Best Indicators for Trading
Using trading indicators is part of any technical trader’s strategy. Paired with the It can be helpful to use technical analysis as part of your strategy – and this includes studying various trading indicators. Trading indicators are mathematical calculations, which are plotted as lines on a price chart and can help traders identify certain signals and trends within the market.
There are different types of trading indicator, including leading indicators and lagging indicators. A leading indicator is a forecast signal that predicts future price movements, while a lagging indicator looks at past trends and indicates momentum.
Best Trading Indicators
• Moving average (MA)
• Exponential moving average (EMA)
• Stochastic oscillator
• Moving average convergence divergence (MACD)
• Bollinger bands
• Relative strength index (RSI)
• Fibonacci retracement
• Ichimoku cloud
• Standard deviation
• Average directional index
A moving average (MA) is a widely used technical indicator that smooths out price trends by filtering out the noise from random short-term price fluctuations.
The most common applications of moving averages are to identify trend direction and to determine support and resistance levels.

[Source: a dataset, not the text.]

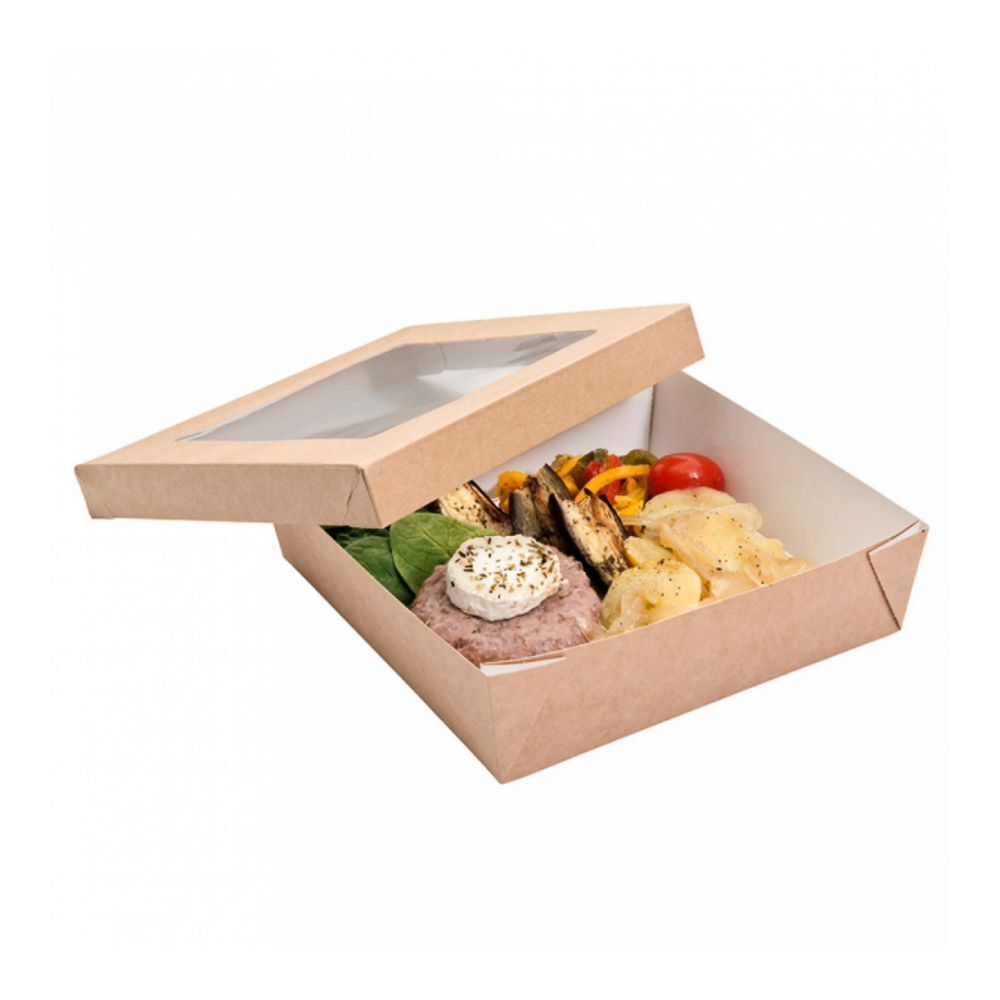 Купить Ланч-бокс с крышкой (с окном), влагостойкий, 750 мл,14*14*5 см, (1упаковка =25 шт),коричневый картон

Exponential Moving Average (EMA)
The EMA is a moving average that places a greater weight and significance on the most recent data points.
An EMA does serve to alleviate the negative impact of lags to some extent. Because the EMA calculation places more weight on the latest data, it “hugs” the price action a bit more tightly and reacts more quickly. This is desirable when an EMA is used to derive a trading entry signal.
A stochastic oscillator is a popular technical indicator for generating overbought and oversold signals.
The stochastic oscillator is range-bound, meaning it is always between 0 and 100. This makes it a useful indicator of overbought and oversold conditions. Traditionally, readings over 80 are considered in the overbought range, and readings under 20 are considered oversold.
Moving Average Convergence Divergence (MACD)
Moving average convergence divergence (MACD) is calculated by subtracting the 26-period exponential moving average (EMA) from the 12-period EMA.
MACD triggers technical signals when it crosses above (to buy) or below (to sell) its signal line.
MACD helps investors understand whether the bullish or bearish movement in the price is strengthening or weakening.
Bollinger Bands are a technical analysis tool developed by John Bollinger for generating oversold or overbought signals.
There are three lines that compose Bollinger Bands: A simple moving average (middle band) and an upper and lower band.
Prices have a tendency to bounce within the bands’ envelope, touching one band then moving to the other band. You can use these swings to help identify potential profit targets.
A strong trend continuation can be expected when the price moves out of the bands. However, if prices move immediately back inside the band, then the suggested strength is negated.
Relative Strength Index (RSI)
The RSI provides technical traders with signals about bullish and bearish price momentum, and it is often plotted beneath the graph of an asset’s price.
An asset is usually considered overbought when the RSI is above 70% and oversold when it is below 30%.
True reversal signals are rare and can be difficult to separate from false alarms. A false positive, for example, would be a bullish crossover followed by a sudden decline in a stock. A false negative would be a situation where there is a bearish crossover, yet the stock suddenly accelerated upward.
Fibonacci retracement levels connect any two points that the trader views as relevant, typically a high point and a low point.
The most commonly used ratios include 23.6%, 38.2%, 50%, 61.8%, and 78.6%.
These levels should not be relied on exclusively, so it is dangerous to assume the price will reverse after hitting a specific Fibonacci level.
While the retracement levels indicate where the price might find support or resistance, there are no assurances the price will actually stop there. This is why other confirmation signals are often used, such as the price starting to bounce off the level.
The Ichimoku Cloud is composed of five lines or calculations, two of which comprise a cloud where the difference between the two lines is shaded in.
The lines include a nine-period average, a 26-period average, an average of those two averages, a 52-period average, and a lagging closing price line.
The cloud is a key part of the indicator. When the price is below the cloud, the trend is down. When the price is above the cloud, the trend is up.
Standard deviation is an especially useful tool in investing and trading strategies as it helps measure market and security volatility—and predict performance trends.
Standard deviation rises as prices become more volatile. As price action calms, standard deviation heads lower.
Market tops that are accompanied by increased volatility over short periods of time indicate nervous and indecisive traders. Market tops with decreasing volatility over long time frames indicate maturing bull markets.
Market bottoms that are accompanied by decreased volatility over long periods of time indicate bored and disinterested traders. Market bottoms with increasing volatility over relatively short time periods indicate panic sell-offs.
Average Directional Index
The average directional index (ADX) is a technical analysis indicator used by traders to determine the strength of a trend.
The ADX makes use of a positive (+DI) and negative (-DI) directional indicator in addition to the trendline.
The trend has strength when ADX is above 25; the trend is weak or the price is trendless when ADX is below 20.
If the ADX is declining, it could be an indication that the market is becoming less directional, and the current trend is weakening. You may want to avoid trading trend systems as the trend changes.